Posts tonen met het label Richard Strauss. Alle posts tonen
Posts tonen met het label Richard Strauss. Alle posts tonen

maandag 23 januari 2012

Orkest Vrije Universiteit kreeg te weinig publiek

Eerste van twee jubileumconcerten
Op de dag dat het orkest van de Vrije Universiteit te Amsterdam exact vijftig jaar bestond ─ op zaterdag 21 januari jongstleden ─ werd het eerste van de twee geprogrammeerde jubileum-optredens gerealiseerd in de grote concertzaal van het Cultuurcentrum De Oosterpoort in Stad.
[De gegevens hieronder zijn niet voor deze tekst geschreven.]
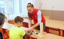 Program byl rozdělen do dvou částí. První část byla teoretická a skládala se z přednášek na téma dýchací a oběhová soustava. Druhá část již byla praktická. Žáci se rozdělili do čtyř skupin, ve kterých prošli nácvikem základů první pomoci. Vyzkoušeli si resuscitaci, přenos zraněného na nosítkách, ošetření zlomeniny a krvácení, seznámili se i s přístroji monitorujícími základní životní funkce. Měřili si tlak, teplotu, zjišťovali puls.

In het inleidende woord, door één der bestuursleden van het ensemble, werd gerept van concerteren in de mooiste zalen van ons land. Hoewel dat ietwat over-complimenteus klonk, is die grote Ooosterpoort-zaal sedert het begin van het lopende seizoen flink opgestoten in de vaart der gebouwen voor concerten met een vooraanstaande outillage, doordat men er eindelijk, na bijna vier decennia, afscheid heeft genomen van de agressief-oranje stoelen, en deze heeft vervangen door waarachtig luxe fauteuils. Het gevolg is wel dat nu heel wat plaatsen meer dan tot dan toe tot de eerste rang behoren, met het daaraan onverbrekelijk verbonden, hogere prijskaartje.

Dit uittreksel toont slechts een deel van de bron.